June 2, 2011 / 7:33 AM / 8 years ago

Firms discuss Egypt gas exports to Israel : minister

CAIRO (Reuters) - Egypt’s oil minister said on Thursday firms involved in exporting Egyptian gas to Israel were discussing resuming supplies, halted by pipeline blasts, and dismissed the idea that politics was hindering agreement.

Workers build a pipeline for transporting natural gas to Israel in north Delta Nile, 300 km (186 miles) north of Cairo, November 23, 2008. REUTERS/Nasser Nuri

Gas supplies to Israel, which gets up to 45 percent of its gas supplies from Egypt, have been halted for more than a month after the blasts on Egypt’s side of the pipeline in the wake of political turmoil after President Hosni Mubarak was ousted.

The exports have long been a contentious issue in Egypt with the media and ordinary Egyptians accusing Mubarak’s government of selling gas too cheaply to Israel. Egypt signed a peace deal with Israel in 1979 but ties have never been very warm.

U.S. investors in the East Mediterranean Gas Co (EMG) have taken legal steps against the Egyptian government to ensure gas flow resumes to Israel, the companies have said.

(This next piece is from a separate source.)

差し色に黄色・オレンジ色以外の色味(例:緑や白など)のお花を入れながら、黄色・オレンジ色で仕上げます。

Speaking on the sidelines of the Gas Exporting Countries Forum (GECF) conference in Cairo, Petroleum Minister Abdullah Ghorab initially said the timetable for resuming supplies to Israel was “under review”.

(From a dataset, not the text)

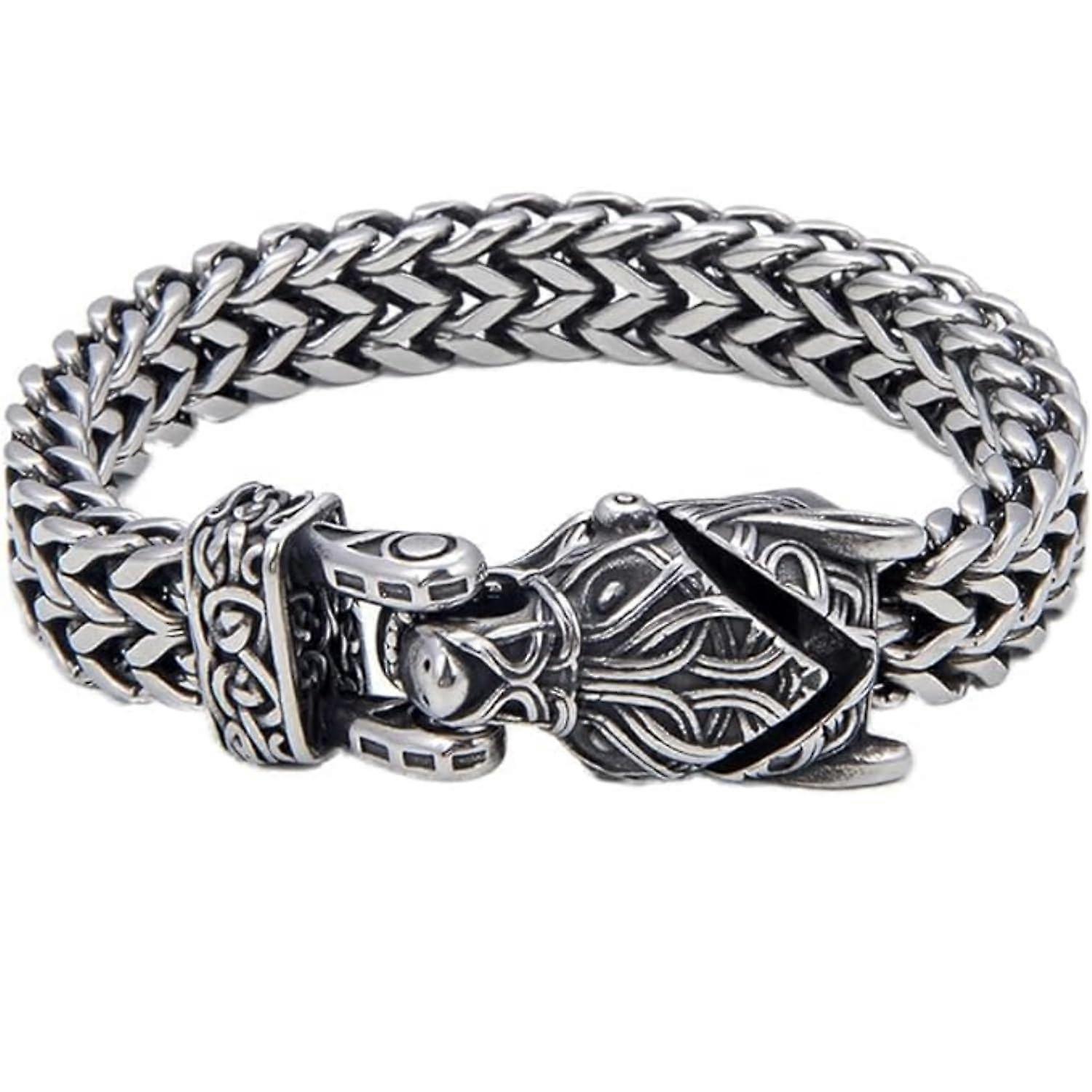Wolf Bracelet for Men, Norse Wolf Head Bracelet, Vikings Jewelry 316L Stainless Steel Bracelet Men's Mesh Chain, Nordic Jewelry

When he was later asked by reporters when the review would be complete, he said: “This is ongoing. (EMG) and EGAS are talking on this issue every day”, referring to Egypt’s national gas company EGAS.

Asked if there was any politics involved in the issue of exports to Israel, Ghorab said: “No”.

He said the case involved technical issues, adding: “We have to have security for the line. There have been two accidents and we need to secure the line.”

Israel receives natural gas from Egypt under a 20-year deal signed in 2005. Flows have been cut since April 27 when an armed gang attacked a Sinai metering station, owned by Gasco, the Egyptian gas transport company that is an EGAS subsidiary.


Ghorab also played down the issue of possible arbitration in the case, saying such action would only be sought if there was no agreement between the companies involved, which was the right of any party to a contract.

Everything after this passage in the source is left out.